Her flat tone sounds like a warning. "What's that supposed to mean, Ash?"
"You're the detective, Detective. Figure it out. Or, I don't know, Zeke, has the brain rot finally set in?"
He doesn't have nearly enough quarters to waste on insults. "So, how's tricks? Guess you're in a good place to find more recruits for your cause, huh."
"My division does document and track domestic terrorists, if that's what you mean," she agrees. "My experience with them from the force in L.A. made me a good choice for this office."
"That's pretty hilarious."
"And, yes, Zeke, it's useful to me," she says, sounding tired, "and the current political climate has helped as well. But none of this is what you want to talk about, is it?"
It's really not. "Listen, Ash--"
"You listen," she cuts him off. "Now you know the kind of access I have. Or were you planning to try carrying that gun into a government building?

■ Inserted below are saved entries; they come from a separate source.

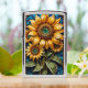 Colorful stained glass featuring sunflowers with vibrant leaves and a textured background in a decorative frame.
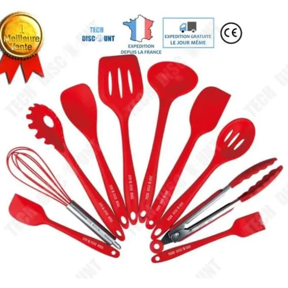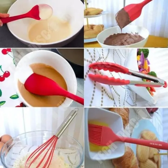 Detta set med 10 köksredskap i röd silikon är perfekt för bakning och grillning. Tillverkade av livsmedelsklassad silikon och rostfritt stål, hjälper dessa icke-toxiska verktyg dig att säkert förbereda dina rätter och desserter.
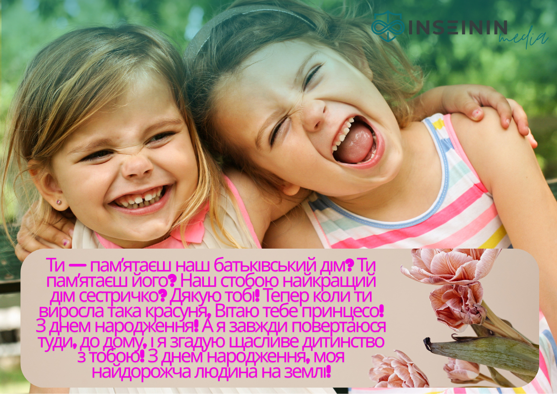 🏡 Ти — памʼятаєш наш батьківський дім? Ти памʼятаєш його? Наш стобою найкращий дім сестричко? Дякую тобі! Тепер коли ти виросла така красуня, Вітаю тебе принцесо! З днем народження! А я завжди повертаюся туди, до дому, і я згадую щасливе дитинство з тобою! З днем народження, моя найдорожча людина на землі!
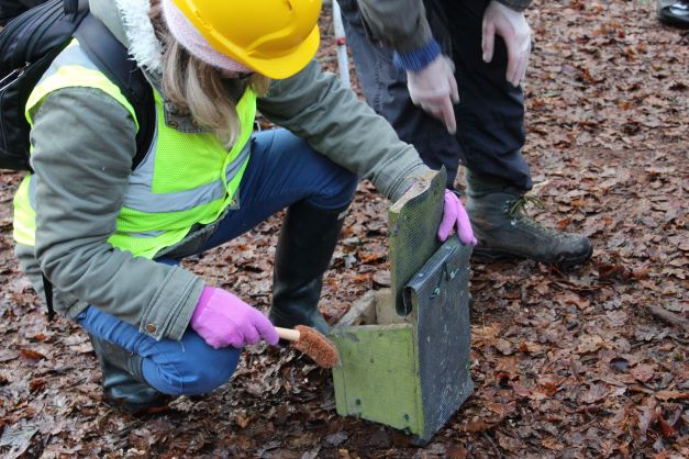 Like many of the nest boxes we surveyed on the 9th, most nest boxes contained two nests – one from Spring 2020, and another on top of it from Spring 2021. This was because we were unable to clean and survey the boxes in January 2021 due to Covid 19.
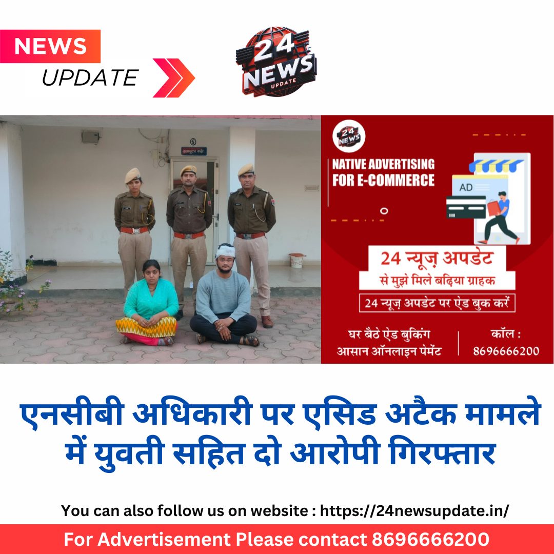 24 न्यूज अपडेट प्र्रतापगढ़ । जिला मुख्यालय पर गुरुवार को लिफ्ट के बहाने नारकोटिक्स विभाग के अधिकारी के ऊपर एसिड अटैक कर जान से मारने की नीयत के मामले में कोतवाली पुलिस ने एक युवती व एक युवक को डिटेन कर गिरफ्तार किया। कोतवाली थाना अधिकारी दीपक कुमार बंजारा ने बताया कि 29 नवंबर को महेन्द्रपाल सिंह पिता गोविंद सिंह सिसोदिया उम्र 52 वर्ष निवासी सांतनु विहार पुलिस थाना वायडी नगर मंदसौर मप. ने थाने में उपस्थित होकर रिपोर्ट दर्ज करवाते हुए बताया कि 28 नवंबर को दोपहर के करीब तीन बजे सूचना मिली कि मेरे पुत्र हर्षवर्धन को प्रतापगढ़ की खुशी राव व उसके साथी प्रियांशु राठौर निवासी प्रतापगढ़ द्वारा जान से मारने की नियत से एसिड से हमला कर उसकी कार का एक्सीडेंट कर दिया। इस पर थानाधिकारी द्वारा पुलिस का टीम का गठन कर वांछित आरोपी खुशी राव व उसके साथ प्रियांशु राठौर को डिटेन कर पुछताछ की जिसमें उन्होनें बताया कि 28 नवंबर को खुशी राव व उसके साथी प्रियांशु राठौर ने मिलकर हर्शवर्धनसिंह पर एसिड अटैक कर जान से मारने की योजना बनाकर दोनों प्रतापगढ़ से मोटरसाईकिल पर रवाना होकर बगवास से आगे चितौडगढ़ रोड पहुंचे। वहां पर खुशी को प्रियांशु ने छोड़ दिया और उसको बताया कि तू हर्षवर्धन के साथ उसकी कार में पीछे बैठ जाना और उसे बातों में उलझाकर ऐसिड से हमला कर देना। मैं तेरे सपोर्ट के लिये पीछे पीछे आता रहूंगा। खुशी हर्शवर्धन सिंह की कार में बैठ गई और आगे चलने को कहा हर्शवर्धन सिंह कार चला रहा था खुशी कार में पीछे एक बैग लेकर बैठी थी और अपने साथी प्रियांशु राव को मैसेज करते हुये अपडेट दे रही थी। इसकी भनक हर्षवर्धन सिंह को लगी तो उसने गाड़ी वापस प्रतापगढ़ की तरफ घुमाने लगा। इतने में खुशी राव ने अपने बैग से एसिड की बोतल निकालकर हर्द्यावर्धन पर उड़ेल दी तथा अपने साथ लाई लकड़ी से हर्षवर्धन के सीने पर हमला किया। हमले से घायल हर्षवर्धन द्वारा गाड़ी काअचानक ब्रेक लगाने से पीछे आ रहा प्रियांशु राव मोटरसाईकिल सहित कार में टकरा गया। टक्कर लगने से कार का पीछे का कांच टूट गया और प्रियांशु के सिर में चोट लगी। घटना में प्रयुक्त एसिड आरोपी प्रियांशु द्वारा खरीद कर ले जाना स्वीकार किया गया। दोनों द्वारा घटना कारित करना स्वीकार किया । एसपी के आदेशानुसार बांसवाडा से मोबाइल फोरेंसिक युनिट बुलवाई ओर कार से साक्ष्यों का संकलन किया गया। गाडी से एसिड की बोतल जिसमें किलें लगी हुई को जब्त किया जाकर आरोपी खुशी पुत्री पवन राय निवासी एरियापति प्रतापगढ़ और प्रियांशु पुत्र दिनेश चंद्र तेलगार निवासी बिहार प्रतापगढ़ को गिरफ्तार कर पूछताछ में जुट गई ।

Or stalking me through the streets of Washington? You can't get to me here."
"I'll wait for the next election. I'm patient."
Ash laughs. "I'm not a political appointee, Stone. Do you still remember those machines they have now, called computers? Find someone to do your homework."
"Funny."
"No, Stone. It's not." Her tone's gone exasperated, and Zeke shifts, uncomfortable. "It's not funny at all. There are things are going on right now, and you have none of the facts. You're blundering around in a mine field. I'm still willing to take you in, you know. You could be useful to me, Zeke."
"Screw politics, Ash. You tried to kill my wife." The connection's getting fuzzy, buzzing in his ear.
"I'm not talking about politics. And she's your widow, Zeke," she says. "I offered to become her. The only way you'll ever have her. You don't even know how much it meant that I offered that, do you? You weren't hearing a word I said. All you could think about was--"
"You smeared blood on Ros's face. You put a knife to her throat. You slept with my wife, Ash. I'm going to kill you."
"Zeke, dammit, for one minute will you just try--"
"You're going back to hell, Ash. I'm sending you there," he says. "Two bullets, both eyes."
"You can't even talk about this, can you?"
"You hurt Ros. No talking." Zeke's shaking; the phone in his hand cracks. "Just dying."
Ash sighs at him. "Very dramatic." But she waits him out.
"So," he asks finally, "you putting me on some sort of watch list?" He's under control again, but this phone booth is never going to recover. The metal shelf is crumpled, and the overhead light's blown for some reason.
"No," Ash says, and he clenches his jaw at her oh-so-patient tone, "I put you on the watch list a long time ago, Stone. Not that you'd board a plane without your gun, but you should be more careful when you're annoying the police at crime scenes."
"Thanks for that," he says.
"My pleasure." Then she says, "I know you think you're different from us, Ezekiel. Obviously you are different in many ways. But in the only way that matters, you're exactly the same. If you ever come to your senses, give me a call."
She hangs up on him. Zeke lurks around the area a little longer, just to see what happens. No one shows up this time to roust him.